Thank you for the info on the Roseline shark. I will buy more just not today. I wanted cories, but they were out I have read profiles on them and it seems the emerald and false bandit cory would be my best bet, but they had neither in. And only 1 or 2 of albino and panda cory. Do the cories need to be all the same kind or can you have 6 and they be different??? I've had Pandas and albino, and emerald, the Panda did not do well though.


----------



## 50galkid (Mar 17, 2012)

sonflowerjoela said:


> He is really cool! I looked at something that looks similar at LFS. I wondered about having something like that in community tank.
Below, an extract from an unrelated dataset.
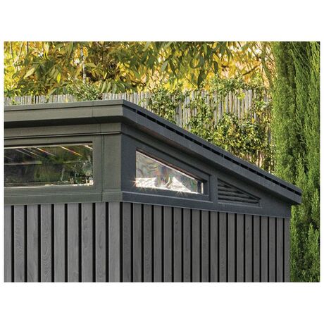 Το υπόστεγο κήπου Keter Signature 11x7 είναι μοντέρνο από κάθε άποψη. Με την κεκλιμένη οροφή και τα οριζόντια παράθυρα, διαθέτει κομψό, σύγχρονο σχεδιασμό. Τα διπλά τοιχώματα είναι κατασκευασμένα από DecoCoat με πλαστική βάση, προσφέροντας την εμφάνιση και την αίσθηση του ξύλου, παρέχοντας παράλληλα όλα τα πλεονεκτήματα του πλαστικού. Αυτό το υπόστεγο κήπου δεν απαιτεί συντήρηση και είναι ανθεκτικό στις καιρικές συνθήκες. Παραδίδεται ως κιτ και μπορεί εύκολα να συναρμολογηθεί από εσάς και ένα ακόμη άτομο. Ένα δάπεδο περιλαμβάνεται ως στάνταρ. Απλά πρέπει να εξασφαλίσετε μια επίπεδη, ομοιόμορφη επιφάνεια. Μπορείτε επίσης εύκολα να κλειδώσετε το υπόστεγο με ένα λουκέτο (δεν περιλαμβάνεται).

How long have you had him?


I have had him for 1 year and i keep neons with him


----------



## thekoimaiden (Oct 19, 2011)

sonflowerjoela said:


> Thank you for the info on the Roseline shark. I will buy more just not today. I wanted cories, but they were out I have read profiles on them and it seems the emerald and false bandit cory would be my best bet, but they had neither in. And only 1 or 2 of albino and panda cory. Do the cories need to be all the same kind or can you have 6 and they be different??? I've had Pandas and albino, and emerald, the Panda did not do well though.


Cories will school with members of their own species before going to another species, so if you want to keep multiple species you could do 2 schools of 4-5 fish.


----------